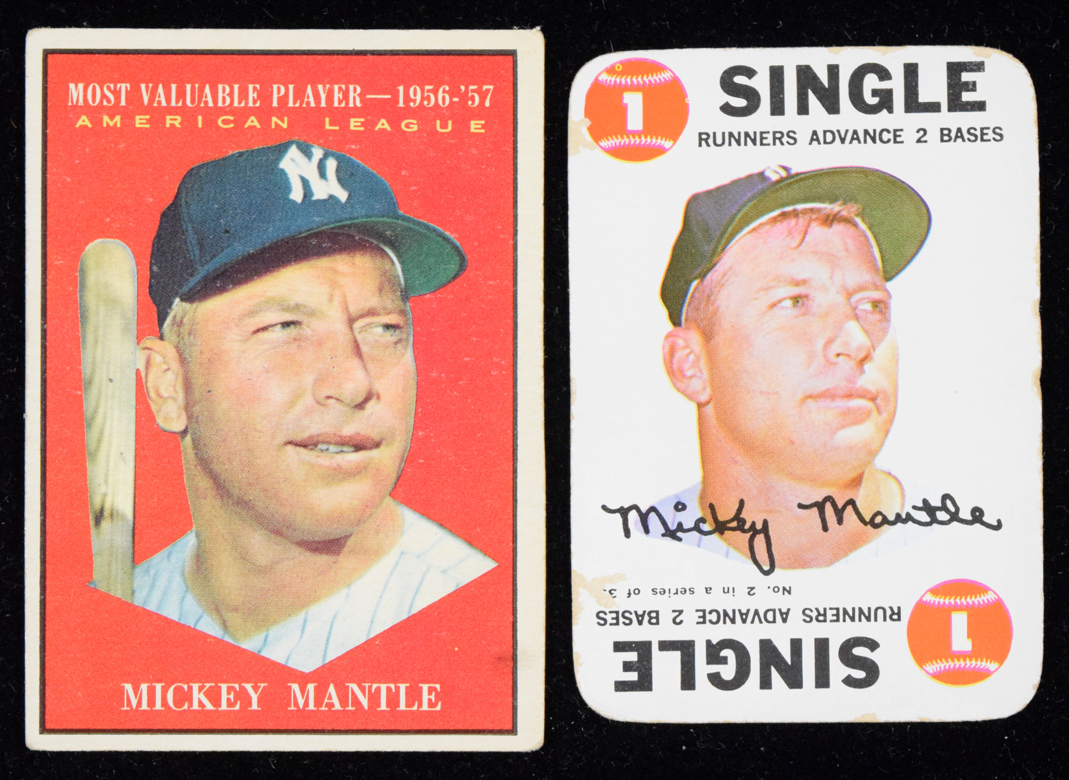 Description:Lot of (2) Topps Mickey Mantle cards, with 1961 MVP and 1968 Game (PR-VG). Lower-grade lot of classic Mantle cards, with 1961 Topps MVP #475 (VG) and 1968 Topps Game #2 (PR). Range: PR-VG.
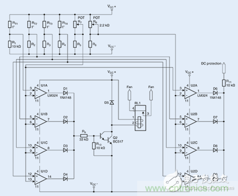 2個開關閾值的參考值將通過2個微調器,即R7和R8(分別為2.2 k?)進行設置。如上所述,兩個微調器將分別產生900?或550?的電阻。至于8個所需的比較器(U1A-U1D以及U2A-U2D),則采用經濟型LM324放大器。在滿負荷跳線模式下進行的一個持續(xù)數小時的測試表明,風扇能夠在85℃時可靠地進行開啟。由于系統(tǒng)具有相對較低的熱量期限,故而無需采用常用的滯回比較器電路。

= = = = =

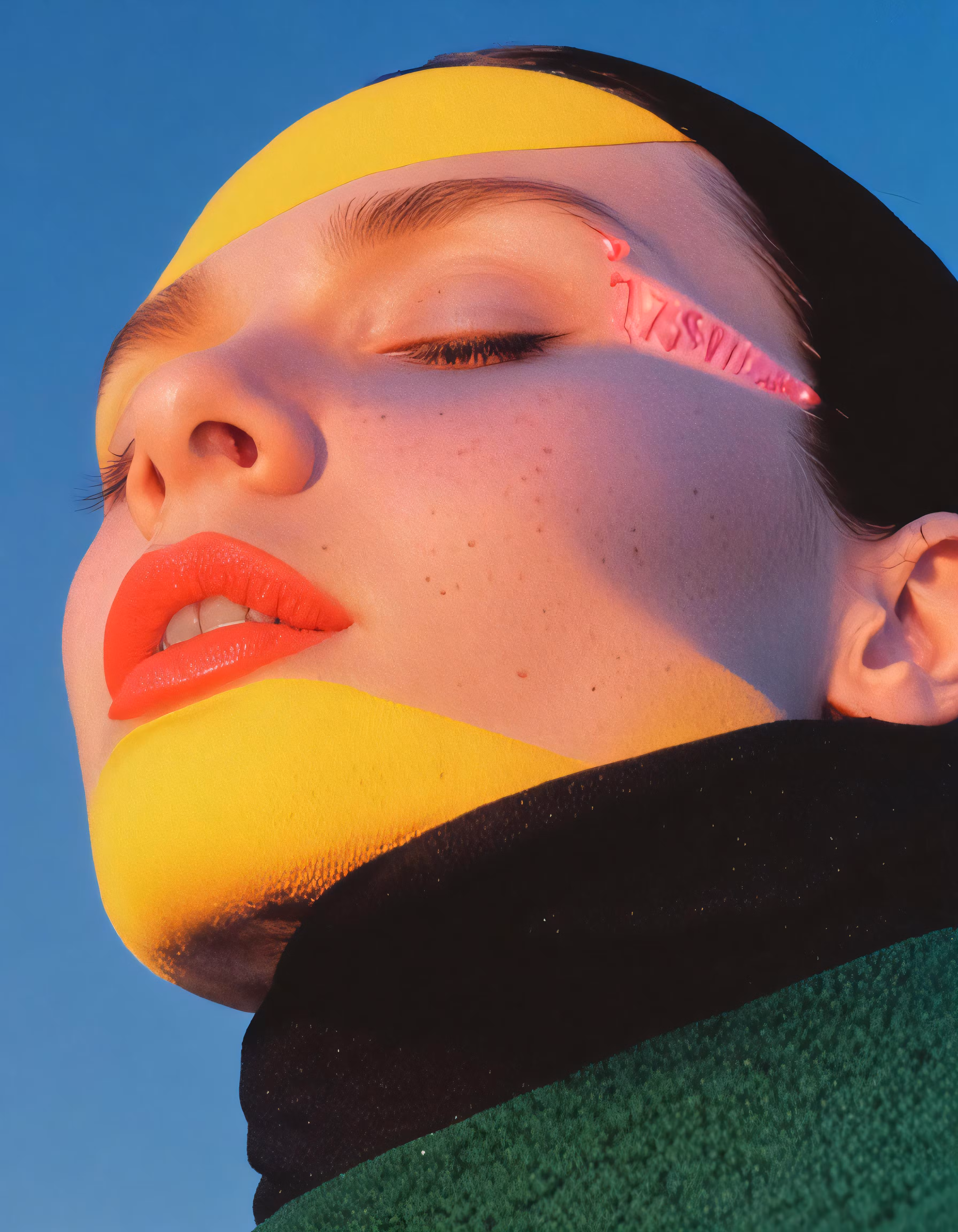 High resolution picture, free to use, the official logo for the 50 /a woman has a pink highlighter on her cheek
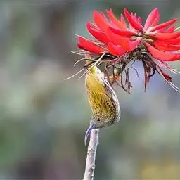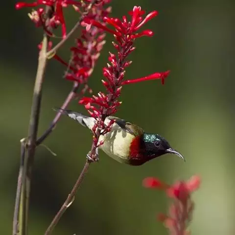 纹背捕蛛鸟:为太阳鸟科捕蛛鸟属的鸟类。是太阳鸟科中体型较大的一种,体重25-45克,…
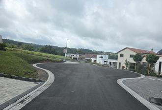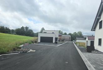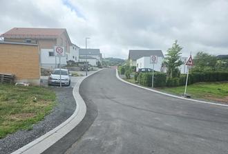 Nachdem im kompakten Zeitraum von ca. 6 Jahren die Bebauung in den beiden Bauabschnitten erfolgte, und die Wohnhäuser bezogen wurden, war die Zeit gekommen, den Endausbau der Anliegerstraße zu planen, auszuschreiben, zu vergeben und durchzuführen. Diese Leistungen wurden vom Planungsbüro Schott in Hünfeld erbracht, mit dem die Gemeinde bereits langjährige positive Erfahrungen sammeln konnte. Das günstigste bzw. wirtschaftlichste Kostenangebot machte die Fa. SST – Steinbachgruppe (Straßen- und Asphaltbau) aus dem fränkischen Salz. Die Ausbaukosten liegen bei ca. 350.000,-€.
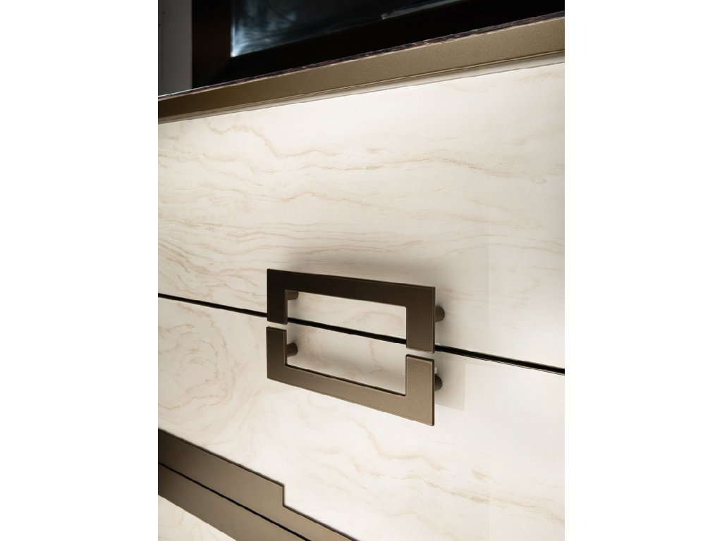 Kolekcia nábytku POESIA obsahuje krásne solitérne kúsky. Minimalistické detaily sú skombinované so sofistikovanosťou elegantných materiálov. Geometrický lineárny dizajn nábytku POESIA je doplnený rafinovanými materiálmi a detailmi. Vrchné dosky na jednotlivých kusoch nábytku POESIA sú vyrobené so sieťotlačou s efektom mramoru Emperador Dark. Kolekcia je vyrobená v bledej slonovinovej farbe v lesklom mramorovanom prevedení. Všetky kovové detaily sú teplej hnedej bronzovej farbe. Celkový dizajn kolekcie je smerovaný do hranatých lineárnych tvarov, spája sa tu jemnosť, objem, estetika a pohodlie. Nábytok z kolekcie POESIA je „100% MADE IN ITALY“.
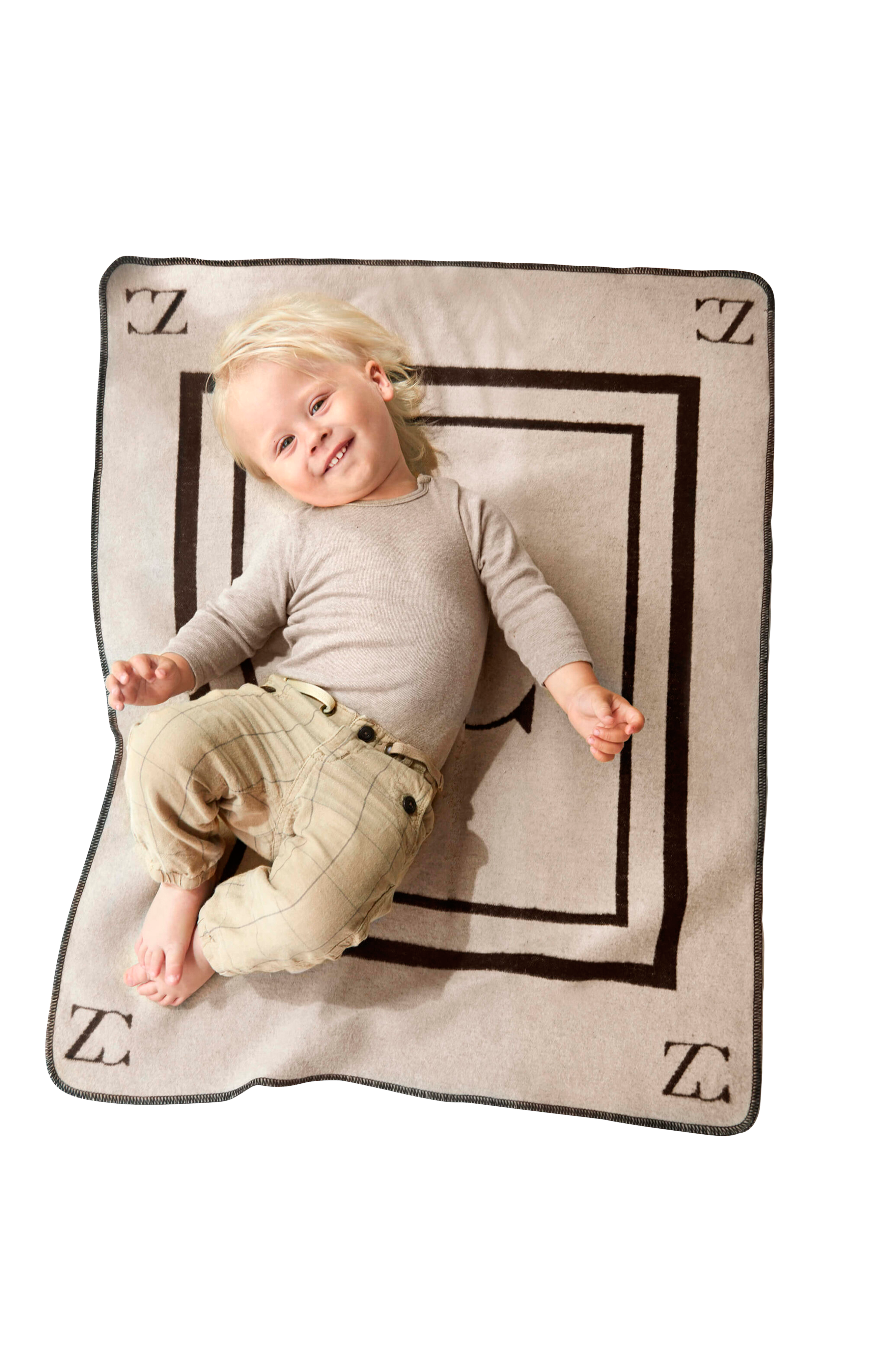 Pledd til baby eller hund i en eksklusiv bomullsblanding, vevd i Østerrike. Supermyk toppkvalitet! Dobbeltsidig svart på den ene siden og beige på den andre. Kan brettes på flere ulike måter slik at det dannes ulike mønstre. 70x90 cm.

= = = = =

EXERCISE BRIEF: In the material above, the stretch from the line with "Description:Lot of (2)" through the line with "2個開關閾值的參考值將通過2" is to be given again exactly, minus the pictures.

TASK SOLUTION:
 Description:Lot of (2) Topps Mickey Mantle cards, with 1961 MVP and 1968 Game (PR-VG). Lower-grade lot of classic Mantle cards, with 1961 Topps MVP #475 (VG) and 1968 Topps Game #2 (PR). Range: PR-VG.
 2個開關閾值的參考值將通過2個微調器,即R7和R8(分別為2.2 k?)進行設置。如上所述,兩個微調器將分別產生900?或550?的電阻。至于8個所需的比較器(U1A-U1D以及U2A-U2D),則采用經濟型LM324放大器。在滿負荷跳線模式下進行的一個持續(xù)數小時的測試表明,風扇能夠在85℃時可靠地進行開啟。由于系統(tǒng)具有相對較低的熱量期限,故而無需采用常用的滯回比較器電路。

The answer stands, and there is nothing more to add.